Dover dividere il lavoro, coordinarsi per raggiungere obiettivi, confrontarsi per dirimere diversi punti di vista, negoziare interessi diversi, tutto questo è difficile con persone che si scelgono, mariti, fidanzati o amici, figuriamoci con altre persone che sono selezionate da un asettico ufficio del personale. E’ divertente poi vedere come magari si va più d’accordo con il collega o il capo che non con il marito o la moglie, dimostrando che, a volte, l’asettico ufficio del personale ha maggiori competenze delle nostre nel mettere insieme una coppia affiatata.
Certo questo non giustifica comportamenti scorretti, cattivi o vessatori che l’organizzazione deve essere in grado di sanzionare e cercare di modificare. Si vuole però mettere in guardia dall’estensione dell’elemento patologico, ponendo viceversa l’accento sulla fisiologia delle difficoltà di relazione. Come ben diceva Sartre: l’enfer c’est les autres.
Di conseguenza l’uso di un’unica etichetta, mobbing appunto, rischia di appiattire tutta una serie di fenomeni organizzativi, sia di disegno delle strutture che di comportamenti dei soggetti. Insomma il mobbing diventa la “notte in cui tutte le vacche sono nere” come diceva Hegel. Ovvero una etichetta contenitore di moda che, invece di aiutare a capire dei fenomeni complessi, aggiunge solo confusione.
Dal punto di vista soggettivo esiste un pericolo che credo si sia già intuito: quello di sollecitare un vittimismo che paralizza invece di sorreggere. A questo pericolo di natura generale si aggiunge il tratto femminile che ben si sposa con il ritrarsi, il mettersi a piangere in un angolo invece che lottare, il sentirsi escluse invece di comprende quali meccanismi di auto esclusione si mettono in atto.
Se qualcosa in questi anni ci ha insegnato l’approccio sistemico alle relazioni, quello della scuola di Gregory Bateson e Paul Watzlawich, è che ciascuno è con- causa di quanto gli accade, che ogni persona contribuisce a evidenziare un aspetto della comunicazione, quello che riguarda le cause altrui, rispetto ai propri comportamenti. Una abilità che può diventare apoteosi, come insegna Watzlawich nelle Istruzioni per rendersi infelici (Feltrinelli): provate su un lungo viale ad osservare i semafori, quando voi vi avvicinate scatta sistematicamente il rosso. Siete davvero sfortunati o perseguitati!

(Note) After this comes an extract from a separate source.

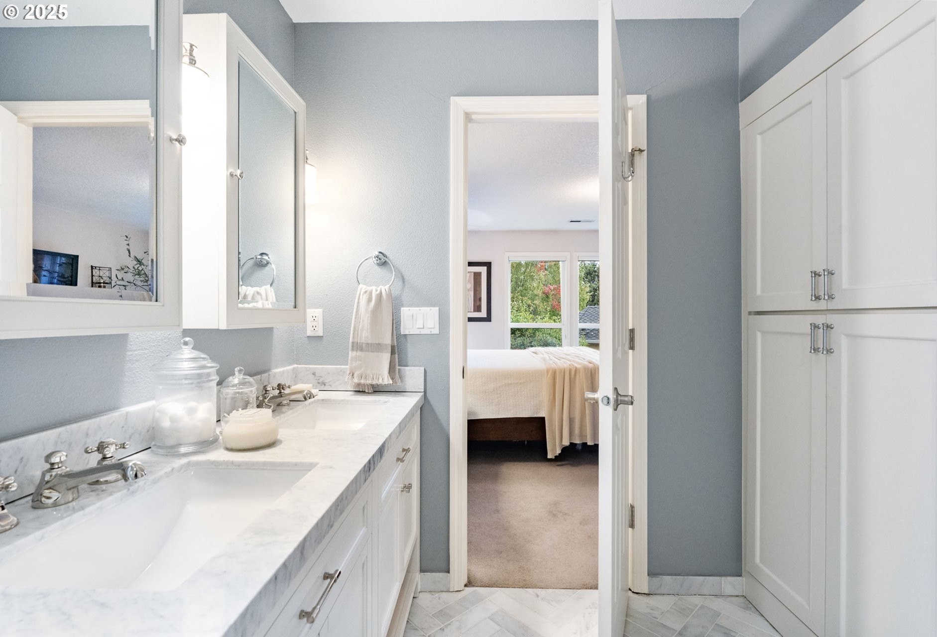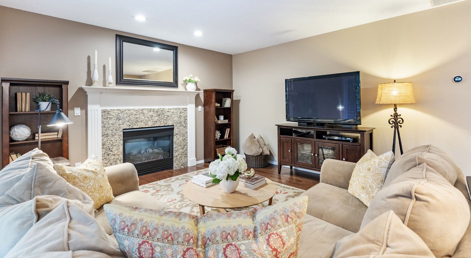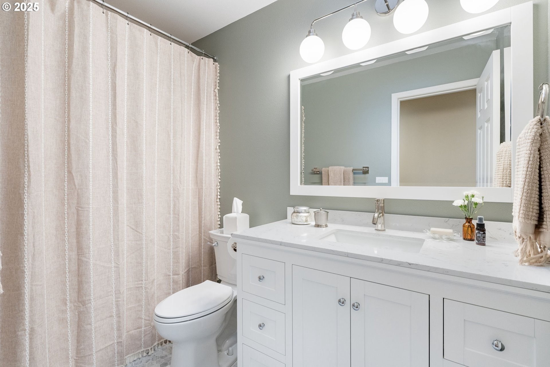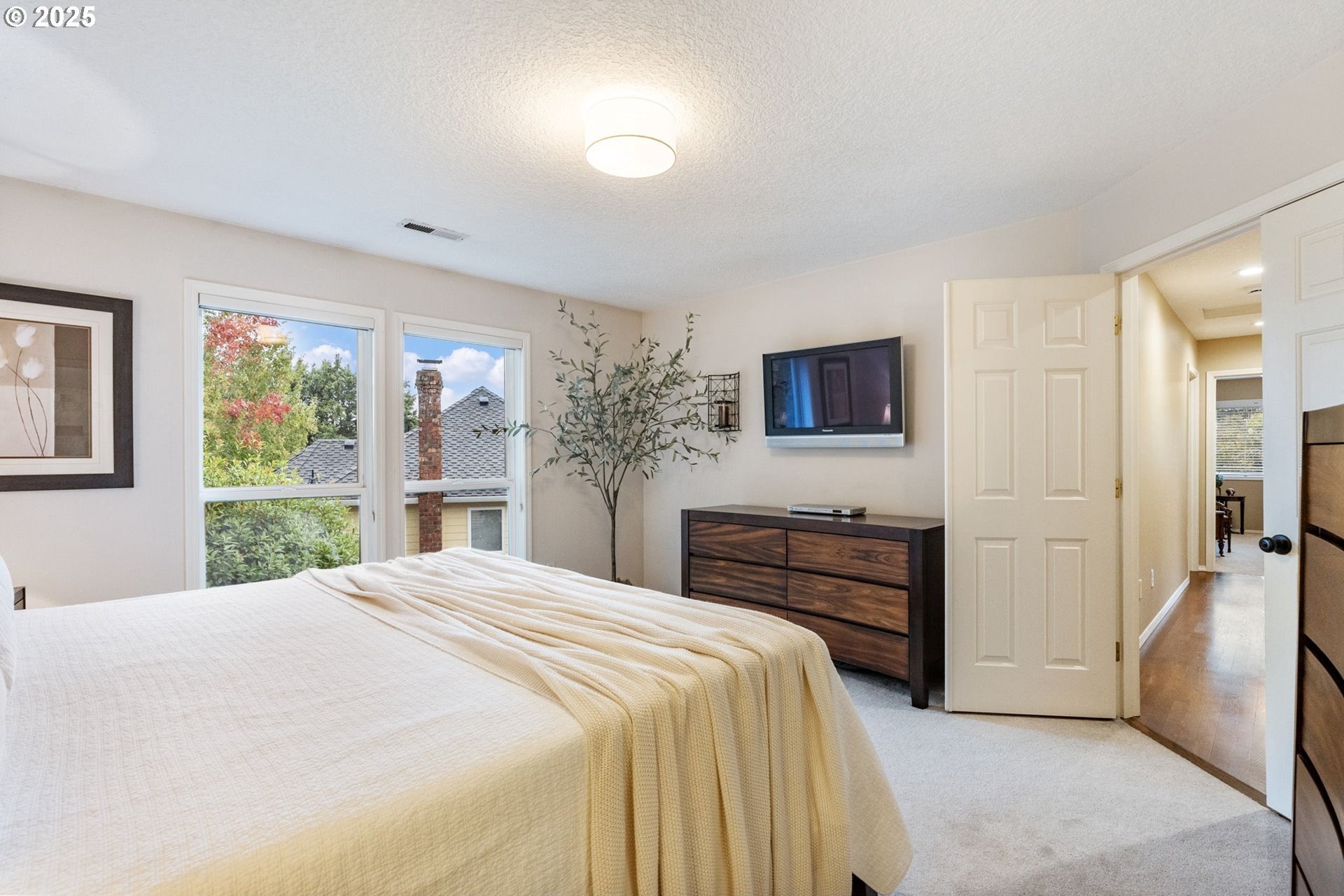 Meticulously designed traditional home in Burntwood West. Step inside to an inviting living room with vaulted ceilings, new designer curtains, and a grand staircase. Rich dark hardwoods flow throughout the main level, complemented by soaring 10-foot ceilings and abundant natural light that create an airy, welcoming atmosphere. The remodeled kitchen features granite countertops, stainless steel appliances, and ample storage and entertaining space. Gather in the cozy great room around the gas fireplace for a perfect blend of comfort and style. Upstairs, the primary suite impresses with high ceilings and a designer-finished bathroom showcasing marble floors, counters, and a stunning walk-in shower. The secondary bathroom has been recently updated with marble floors and a beautiful new vanity, while the additional bedrooms offer generous space and exceptional storage. The laundry room has also been renovated with timeless tile floors & cafe curtains. Outdoors, enjoy a large entertainer’s deck with a recently serviced hot tub—ideal for relaxing, hosting, or simply taking in the surroundings. The spacious yard provides plenty of room to play, garden, and gather. The home has been meticulously maintained and thoughtfully updated with a new roof, new carpets, modern light fixtures throughout, and beautifully remodeled main spaces. Perfectly situated on a quiet cul-de-sac, this home offers easy access to downtown Beaverton’s popular restaurants, nearby walking trails, and wonderful schools.

E’ chiaro che su un lungo viale di città la probabilità di trovare rosso è molto elevata, e quindi si riesce a rendersi infelici in modo molto efficace.
Nelle organizzazioni accade lo stesso: la possibilità di trovare egoisti e teste di cavolo è tanto elevata quanto quella di trovare un semaforo rosso.
Personalmente ho in mente un serial mobber che mi ha rovinato la vita per diversi anni. Ho fatto una cosa molto semplice: prima ho cercato di tenergli testa e, vista l’inutilità dei tentativi, ho cambiato lavoro.
Coraggio ragazze, teniamo alto l’onore, e prima di sentirci “mobbizzate” mettiamo in atto tutte l e nostre competenze di risposta, sia personale che organizzativa e non compiangiamoci più del necessario!